The White Man Two Step
GERALD ‘JERRY’ DONATO (American, 1941–2010)
The White Man Two Step, 1983
etching
Collection of the Longwood Center for the Visual Arts
The Jack Blanton Collection
Gift of Jack Blanton
2007.23.18
Gerald Donato grew up in Chicago and earned his M.F.A. from the University of Wisconsin at Madison. He came to Richmond in 1968 to join the art department faculty at Virginia Commonwealth University (VCU) and retired in 2005 after 36 years of teaching both printmaking and painting. Edwin Slipek Jr. wrote in a January 24, 2007, article for Style Weekly (Richmond, Virginia), “In a career spanning five decades, Donato has established himself as one of Virginia’s most prolific, fascinating, and dynamic talents.”

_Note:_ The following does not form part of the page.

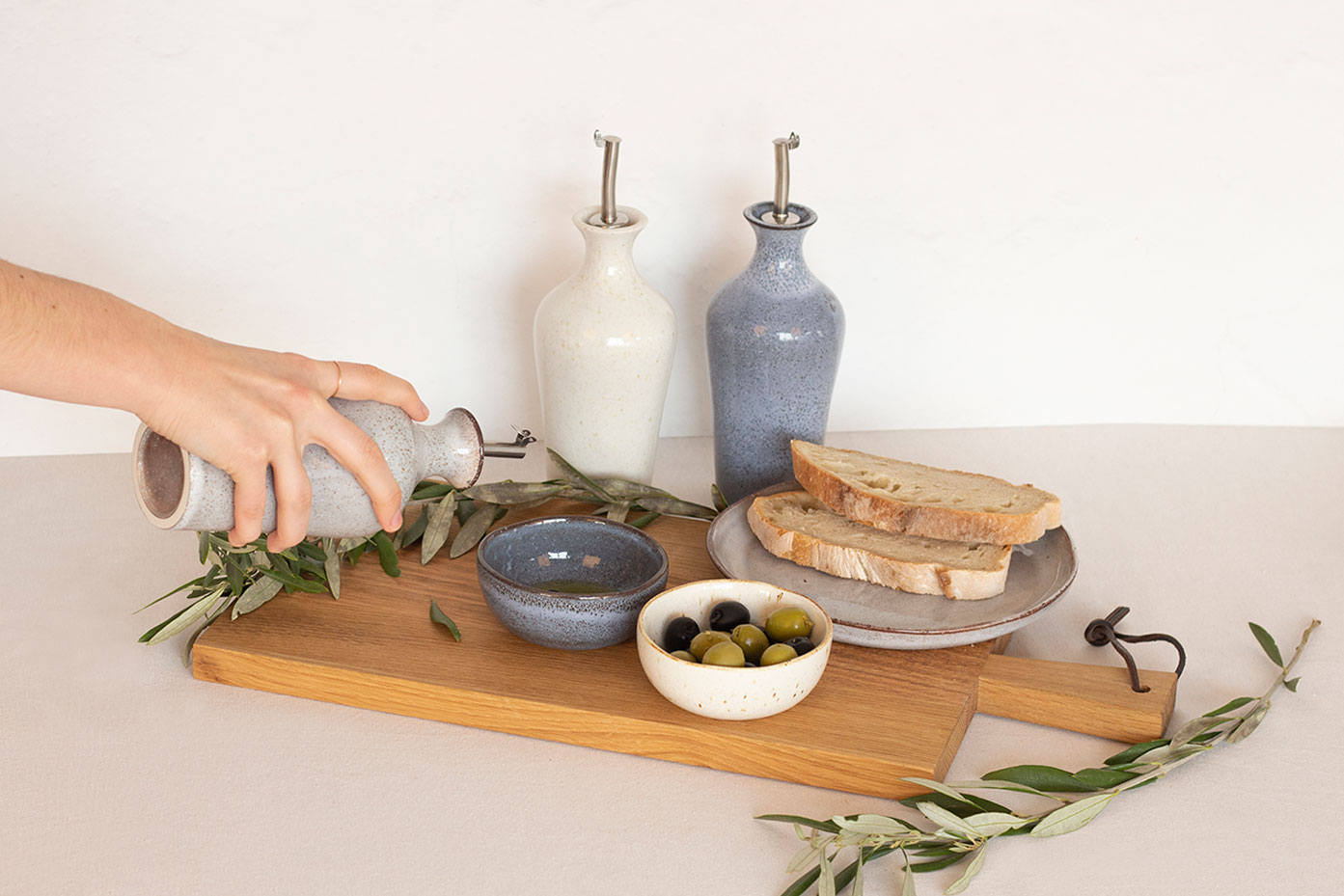 Conjunto composto por Garrafa de azeite, com dispensador em inox c/ tampa e Tigela de 10cm. Fabricados em cerâmica grés, acabamento à mão com vidrado reativo, confere individualidade a cada peça. Feito em Portugal.

As a postmodernist, Donato fused appropriated imagery (pre-existing images that are re-used in a different context to alter meaning) and styles found in popular culture into images exuding irony and satire. In a catalog for Donato’s 2007 retrospective at VCU’s Anderson Gallery, Richard Roth wrote of Donato’s appreciation for everything visual: “Donato is a bundle of dichotomies. He is at once a lover of high and low, a practitioner of abstraction and figuration, and an individual of great sensitivity as well as capable of robust vulgarity.” Roth continues, “In the end, Donato’s work fits our postmodern era—it is non-dogmatic, it appropriates guiltlessly, it is a display case of painting devices and signs, it is often funny and ironic, perhaps post-historic [term applied to the idea that history has ended; see also Arthur Danto’s Beyond the Brillo Box: The Visual Arts in Post-Historical Perspective], adamantly pop, and stands ferociously against all that is pompous and pretentious.” Donato’s approach in art and life was confrontational and irreverent. As a professor he was known for his ability to cut through students’ defenses and posturing to help them grow as artists.